* [Data provided]:
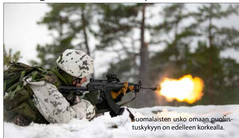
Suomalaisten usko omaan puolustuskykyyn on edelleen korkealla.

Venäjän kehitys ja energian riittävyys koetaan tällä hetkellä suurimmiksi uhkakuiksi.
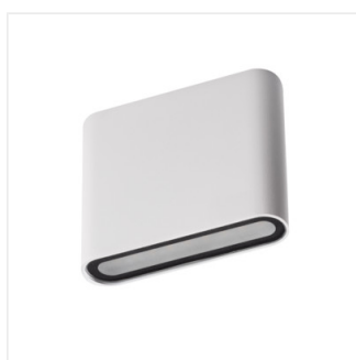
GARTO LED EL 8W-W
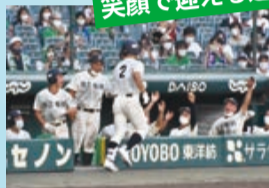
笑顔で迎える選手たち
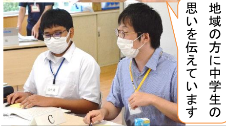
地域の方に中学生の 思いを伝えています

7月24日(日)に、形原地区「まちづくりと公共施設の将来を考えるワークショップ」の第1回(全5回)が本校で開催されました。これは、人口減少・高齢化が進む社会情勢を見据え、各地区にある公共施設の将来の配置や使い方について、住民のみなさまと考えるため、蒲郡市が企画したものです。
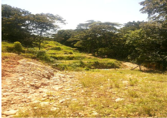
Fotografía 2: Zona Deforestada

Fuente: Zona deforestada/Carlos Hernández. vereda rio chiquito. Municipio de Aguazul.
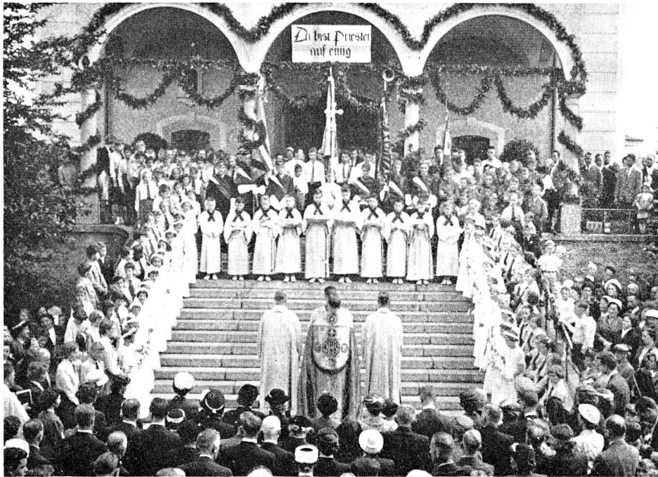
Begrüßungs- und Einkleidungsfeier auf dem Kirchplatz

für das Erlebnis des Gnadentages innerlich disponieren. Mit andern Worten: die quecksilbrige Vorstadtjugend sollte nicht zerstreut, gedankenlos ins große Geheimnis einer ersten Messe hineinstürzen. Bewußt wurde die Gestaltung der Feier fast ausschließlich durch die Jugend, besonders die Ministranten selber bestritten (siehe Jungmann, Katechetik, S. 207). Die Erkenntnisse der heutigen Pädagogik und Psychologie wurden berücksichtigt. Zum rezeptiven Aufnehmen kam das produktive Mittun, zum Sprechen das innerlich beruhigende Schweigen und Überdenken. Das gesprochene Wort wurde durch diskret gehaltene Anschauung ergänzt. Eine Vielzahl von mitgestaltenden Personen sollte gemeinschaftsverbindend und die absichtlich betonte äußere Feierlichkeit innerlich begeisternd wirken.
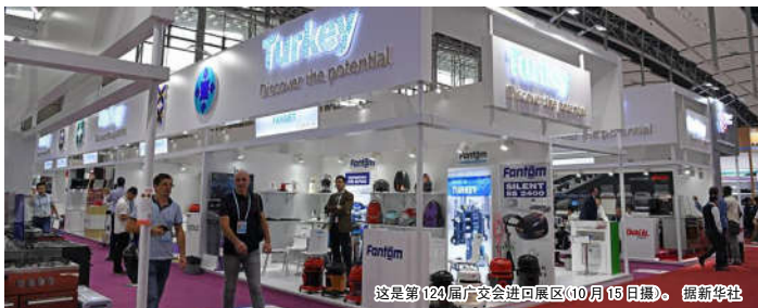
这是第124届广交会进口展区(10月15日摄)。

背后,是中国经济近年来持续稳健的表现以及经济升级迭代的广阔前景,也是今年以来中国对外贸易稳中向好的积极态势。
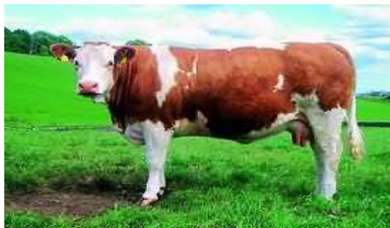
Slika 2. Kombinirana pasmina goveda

* [Work instructions]: Return a copy of every line in the records that includes the string "Zona".

* [Task output]:
Fotografía 2: Zona Deforestada
Fuente: Zona deforestada/Carlos Hernández. vereda rio chiquito. Municipio de Aguazul.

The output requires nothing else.